* [GOAL OF THE EXERCISE]
Reproduce the entries in full. Exclude all images from the copy.

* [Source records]
══════════════════════════════
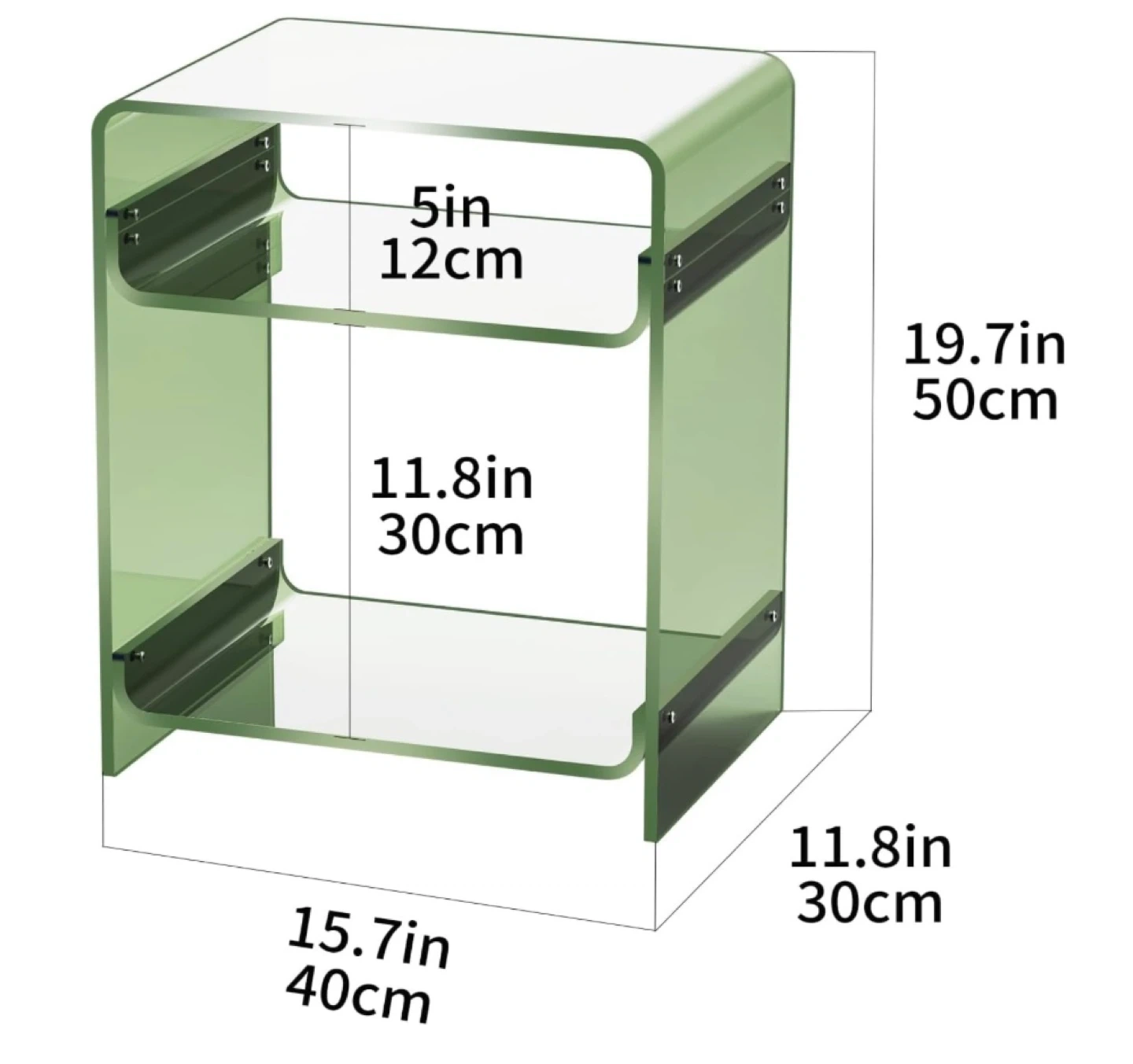 Brighten up your space with this brand new, green acrylic side table, featuring a modern design with two shelves, perfect for adding a pop of colour and functionality to any room. Never taken out of the box, this unique piece is ready to assemble and become a stylish addition to your home decor!
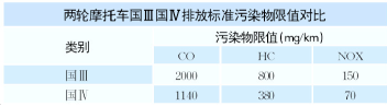 对比目前实施的国Ⅲ排放标准,国Ⅳ标准在CO、HC、NOX的排放限值上均有超过70%的提高。
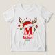 Create a one of a kind holiday keepsake with this festive personalized monogram. This design features the letter 'M' topped with a cute Santa hat and reindeer antlers, ready for your custom text. Click 'Personalize' to easily add a name and the year. Perfect for matching family shirts, custom stocking tags, or a special Christmas gift.
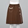 Small 1960s Faux Wrap Skirt Elastic Waist Patch Pockets Brown Lining Shorts Summer Tennis Skort
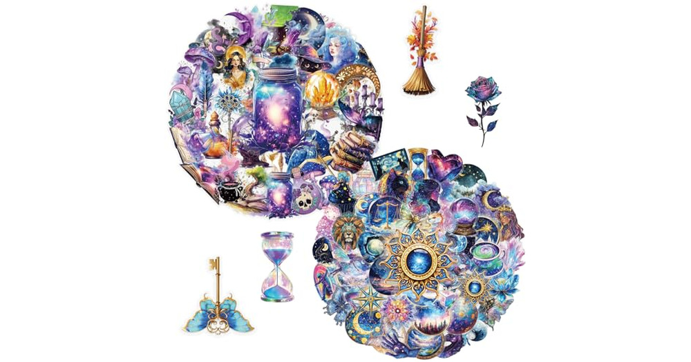 100PCS Starry Magic Transparent Stickers – Waterproof PET Aesthetic Decals with Cats, Moons, O
══════════════════════════════
* [THE ANSWER]
 Brighten up your space with this brand new, green acrylic side table, featuring a modern design with two shelves, perfect for adding a pop of colour and functionality to any room. Never taken out of the box, this unique piece is ready to assemble and become a stylish addition to your home decor!
 对比目前实施的国Ⅲ排放标准,国Ⅳ标准在CO、HC、NOX的排放限值上均有超过70%的提高。
 Create a one of a kind holiday keepsake with this festive personalized monogram. This design features the letter 'M' topped with a cute Santa hat and reindeer antlers, ready for your custom text. Click 'Personalize' to easily add a name and the year. Perfect for matching family shirts, custom stocking tags, or a special Christmas gift.
 Small 1960s Faux Wrap Skirt Elastic Waist Patch Pockets Brown Lining Shorts Summer Tennis Skort
 100PCS Starry Magic Transparent Stickers – Waterproof PET Aesthetic Decals with Cats, Moons, O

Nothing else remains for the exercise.